Their father, delighted to be moving as he would now be able to get to work by metro (six stops with a change at Bilbao, virtually a stone’s throw away), asked them, at breakfast, if they would be so kind as to not piss him off today. So Juan kept his mouth shut, and worked without a rest all morning, filling and taping up boxes, marking their contents on the outside then carrying them downstairs. For him, the move was a disaster. The beginning of term was barely a week away, and he’d been refused a transfer of his grant because there were no places available in the university entrance subjects he was studying at any school in the district they were moving to. This meant he’d have to travel back to Villaverde every day, and he wouldn’t be able to go home for lunch. In this working-class suburb there weren’t too many students preparing for university.

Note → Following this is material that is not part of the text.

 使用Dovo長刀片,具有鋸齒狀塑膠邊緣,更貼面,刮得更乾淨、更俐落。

Many of his friends had left school at sixteen and started vocational training or been apprenticed in some trade, and even among those who had stayed on, fewer than half had signed up for the university entrance exams. Of these, only two shared Juan’s ambition to go to the best university in Madrid, the one that rejected the most applicants.This was why they had to study their core science subjects in the morning and return to class mid-afternoon for their optional subjects. It wouldn’t have been a big deal had the Olmedos stayed in Villaverde for another year—just one more year—but now Juan would have to spend all day in the school library, with only a sandwich for lunch, and would arrive home after eleven o’clock at night.

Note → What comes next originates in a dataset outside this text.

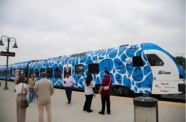 North America’s first hydrogen-powered passenger train has entered full commercial service in California, with the San Bernardino County Transportation Authority launching the Stadler-built Zero Emission Multiple Unit (ZEMU) on the San Bernardino–Redlands Arrow Corridor. The hydrogen fuel cell–battery hybrid train operates up to 16 daily trips along the nine-mile route, emitting only water vapor while delivering a range of up to 380 miles and a top speed of 79 mph. Built on Stadler’s FLIRT platform and fully compliant with Federal Railroad Administration regulations, ZEMU eliminates the need for overhead electrification by using a self-contained hydrogen-battery power system. Recognised by California’s State Transportation Agency as a national model, the project establishes a blueprint for future hydrogen rail corridors and positions SBCTA as an early leader in zero-emission rail transit in North America.

He didn’t dare complain, or suggest they postpone the move to make his life easier.The rest of the family was too delighted at the prospect of the new flat to pay attention to anything else, and when he explained his problem to them, their lack of understanding plunged him into a resentful stupor with eruptions of injured pride. It was this that was secretly driving his frenetic activity. He worked harder, better and faster than anyone else all morning, and yet he was the only one who felt that there was no reward for all this effort.
“Leave the boxes from the kitchen till last,” said his mother when the removal man asked where they should start.“Then I can tidy everything up while you load the furniture.”
Juan looked around him and saw a pile of unmarked boxes on the pavement alongside Damián, who was singing and doing such a convincing impersonation of the kitsch singer Raphael that the removal men were staring at him, amazed.
“Who packed up the kitchen?” asked Juan, although he’d heard the same singing coming from the kitchen all morning. His brother, still holding an imaginary microphone in his right hand, raised his other hand in response.
“Which boxes are they?”
Damián turned round, interrupting his performance and holding out his hands, to find Juan corning towards him with a felt-tip pen.
“Shit!” Damián said.
His mother reprimanded him quietly, “Mind your language, Dami,” as she wiped Alfonso’s nose.
“Well, I was putting them here, but then I went to the girls’ room, and Papa handed me boxes from the living room.”
“So that means you’ve got no bloody idea.”
“Mind your language, Juanito,” muttered their mother, quite oblivious to the rising tension.
“All you had to do was pick up a pen and write K-I-T-C-H-E-N on them.”
“Yes, I know,” Damián said.“But nobody told me to.”
“You shouldn’t have to be told, dickhead.”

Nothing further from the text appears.